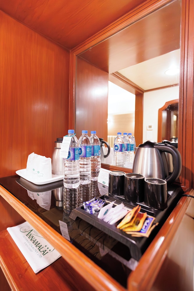 Hotel Annamalai International besticht durch eine zentrale Lage in Puducherry, nur 15 Autominuten entfernt von: Strandpromenade Pondicherry und Botanischer Garten. Dieses Hotel ist 2,5 km von Church of Our Lady of the Immaculate Conception und 2,7 km von Kanniga Parameswari Temple entfernt. Fühl dich in den 70 Zimmern, die individuell eingerichtet sind und Minibar und einen LCD-Fernseher bieten, wie zu Hause. In deinem Zimmer findest du ein Memory-Foam-Bett mit hochwertige Bettwaren vor. Ein WLAN-Internetzugang (gegen Gebühr) ist ebenso verfügbar wie Digitalempfang. Die Badezimmer bieten Duschen, kostenlose Toilettenartikel und Haartrockner. Entfernungen werden bis auf 0,1 Kilometer gerundet.
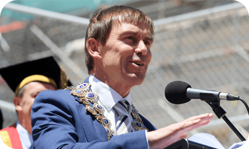 He’s chipper, with a boyish energy, and seems genuinely excited about re-entering politics. He’s eager to rattle off the highlights of his mayoralty: a new district plan, a city arts and culture strategy, committing to a rebuild for the central library, reopening theatre venue Hannah’s Playhouse, and a new performing arts venue at dance and drama centre Te Whaea.
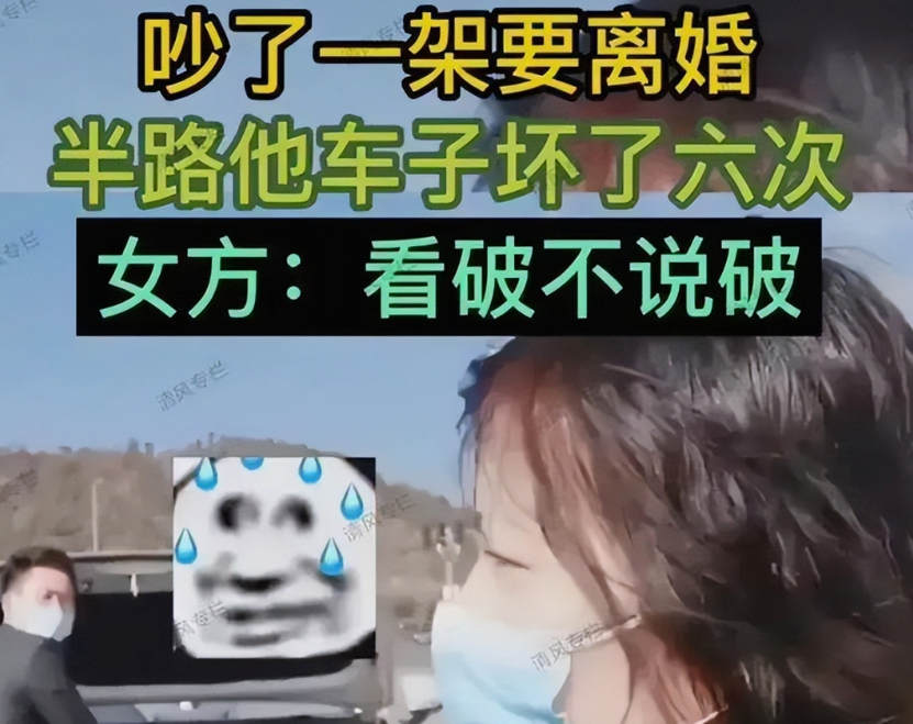夫妻关系,生活在一起,难免不会产生冲突,有时候口角之争,一下子就好了,不过有些人可能嘴巴嘟嘟的,似乎不争出输赢不罢休。一段婚姻走向毁灭的时候,女人就应该在内心问问自己,是否已经彻底不爱了,是否对他彻底放弃希望了,自己在内心问问自己,他是不是也不爱你了?彼此都不爱了,不理解,那才是真的不能将就下去。黑龙江有一对夫妻,本来春节期间,是快快乐乐高高兴兴、幸福幸福的,谁知道她们夫妻两人因为一些小事情产生冲突,年轻人嘛,也容易冲动。她们在家里经过一段时间的冲突冷战,最后决定还是分开,各过各的生活为好。因此在确定分开之后,她们开着小车去民政局办理离婚手续。不料半路意外频发,还是一个让人想不到的借口,令女子无语了。女子说,男子开小车开到半路,竟然坏了6次,其中小车加油加了两次……
..............................
When you write out the data, keep every line exact and drop the pictures.

> **THE COMPLETED TASK**:
 Hotel Annamalai International besticht durch eine zentrale Lage in Puducherry, nur 15 Autominuten entfernt von: Strandpromenade Pondicherry und Botanischer Garten. Dieses Hotel ist 2,5 km von Church of Our Lady of the Immaculate Conception und 2,7 km von Kanniga Parameswari Temple entfernt. Fühl dich in den 70 Zimmern, die individuell eingerichtet sind und Minibar und einen LCD-Fernseher bieten, wie zu Hause. In deinem Zimmer findest du ein Memory-Foam-Bett mit hochwertige Bettwaren vor. Ein WLAN-Internetzugang (gegen Gebühr) ist ebenso verfügbar wie Digitalempfang. Die Badezimmer bieten Duschen, kostenlose Toilettenartikel und Haartrockner. Entfernungen werden bis auf 0,1 Kilometer gerundet.
 He’s chipper, with a boyish energy, and seems genuinely excited about re-entering politics. He’s eager to rattle off the highlights of his mayoralty: a new district plan, a city arts and culture strategy, committing to a rebuild for the central library, reopening theatre venue Hannah’s Playhouse, and a new performing arts venue at dance and drama centre Te Whaea.
夫妻关系,生活在一起,难免不会产生冲突,有时候口角之争,一下子就好了,不过有些人可能嘴巴嘟嘟的,似乎不争出输赢不罢休。一段婚姻走向毁灭的时候,女人就应该在内心问问自己,是否已经彻底不爱了,是否对他彻底放弃希望了,自己在内心问问自己,他是不是也不爱你了?彼此都不爱了,不理解,那才是真的不能将就下去。黑龙江有一对夫妻,本来春节期间,是快快乐乐高高兴兴、幸福幸福的,谁知道她们夫妻两人因为一些小事情产生冲突,年轻人嘛,也容易冲动。她们在家里经过一段时间的冲突冷战,最后决定还是分开,各过各的生活为好。因此在确定分开之后,她们开着小车去民政局办理离婚手续。不料半路意外频发,还是一个让人想不到的借口,令女子无语了。女子说,男子开小车开到半路,竟然坏了6次,其中小车加油加了两次……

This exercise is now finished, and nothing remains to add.